This post was written by Oliver Cooke

Continuing our wander through the five elements, we come to the controller – the part of the clock which controls its rate. Let us pass-by the major landmarks (the pendulum, the balance spring and wheel and the quartz crystal) and seek an alternative trail.

With their origins preceding mechanical clocks, compartmented cylindrical clepsydrae (shown in a previous post for their silent operation) have a drum which rotates and descends. Water passes between compartments inside the drum, controlling the rate of rotation.

These were recurrently popular at various times in history and were incorporated in clocks, such as the example illustrated here which was made by Arnold Finchett, London, c.1760. The drum, connected by a line, drives the hand on the dial. This system is reported to provide reasonable timekeeping (at least in non-freezing conditions)!

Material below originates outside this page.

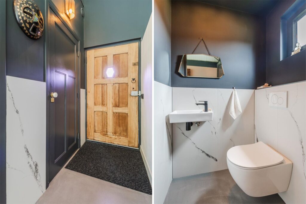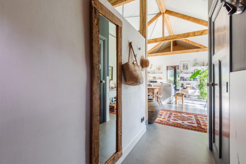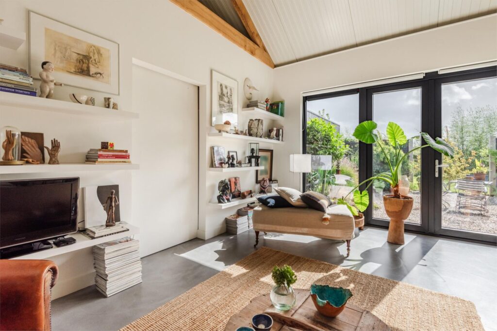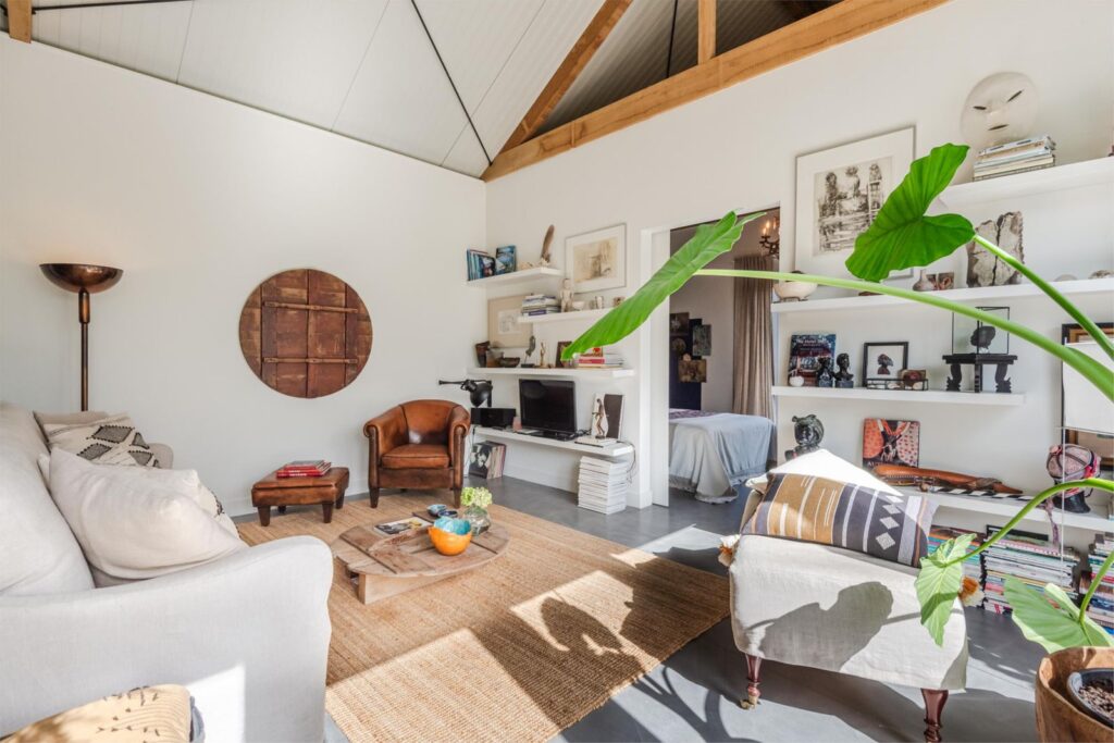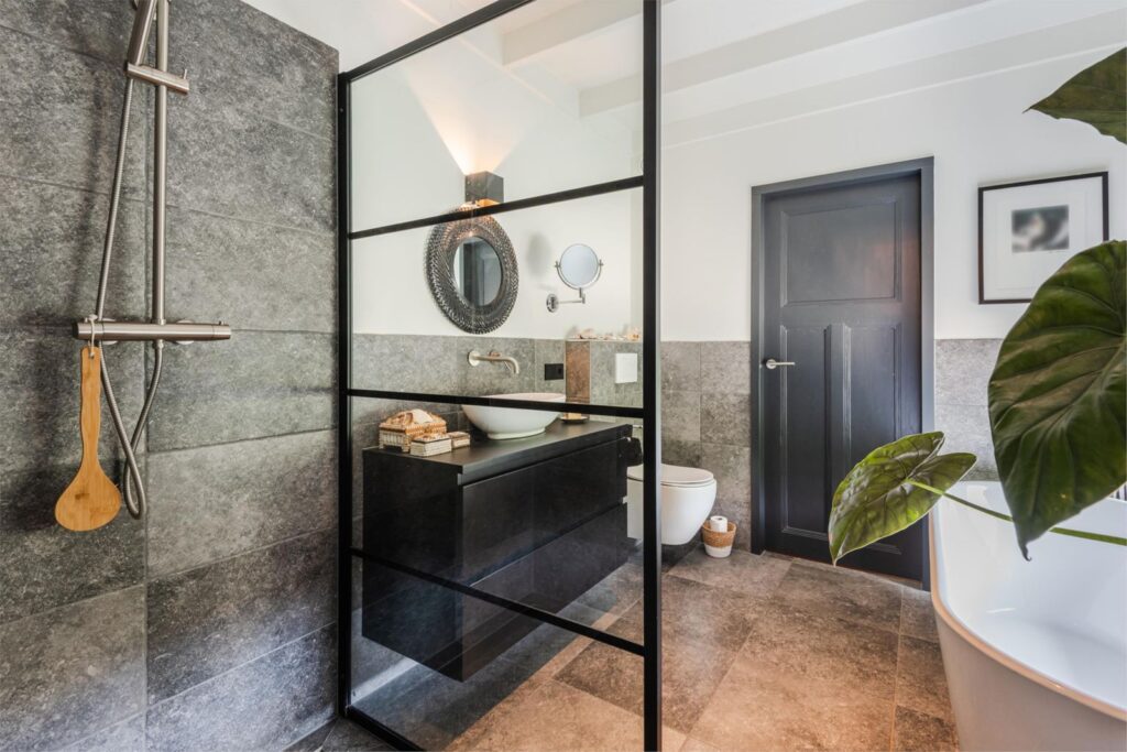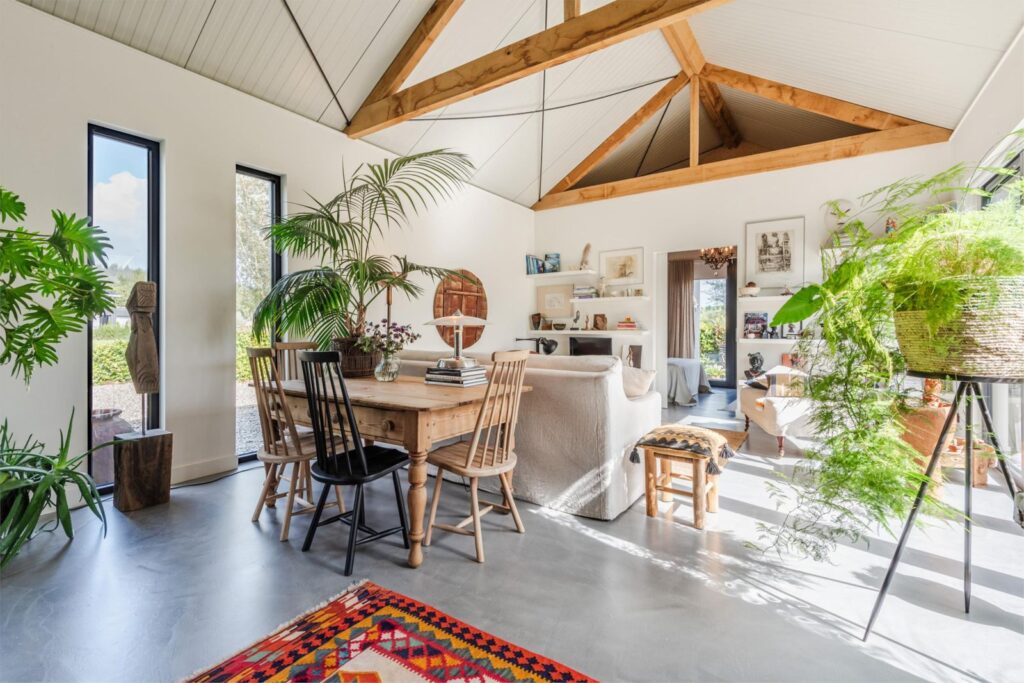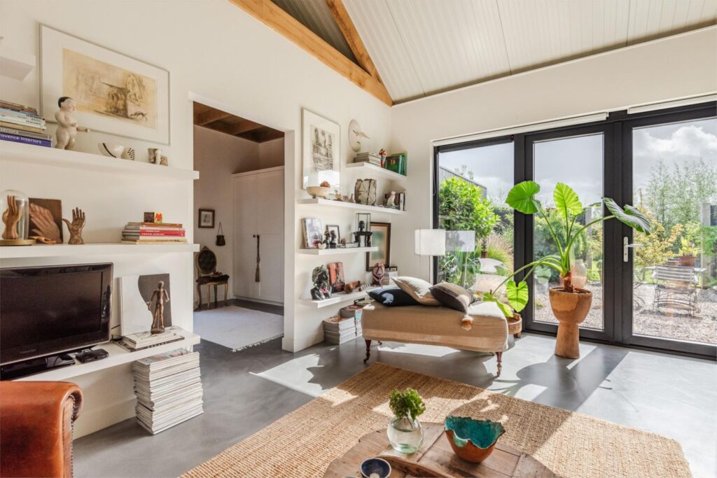 In deze loftwoning waar de ruimtes in elkaar over lopen , zijn meerdere oude bouwmaterialen verwerkt, franse eikenhouten voordeur, paneeldeuren, eiken balkconstructie en een belgische hoevepoort om de binnentuin af te sluiten.

A compartmented cylindrical clepsydra, made by Arnold Finchett, London, c.1760.  This  “water clock" is effectively silent.  The drum rotates and descends, driving the hand.  Inside the drum, water passes between compartments, controlling the rate of rotation.
A compartmented cylindrical clepsydra, made by Arnold Finchett, London, c.1760

Sir William Congreve (1772-1828) patented his inclined-plane rolling-ball clock design in 1808. Its ball bearing zigzags down a track on the table and actuates a lever at the end of its travel, causing the table to see-saw and the ball to roll back again.

In the example illustrated here, each leg takes thirty seconds. Despite being largely detached from the influence of the movement, the progress of the ball is hampered by any irregularities on the track, generally resulting in awful timekeeping (rather like my daily commute).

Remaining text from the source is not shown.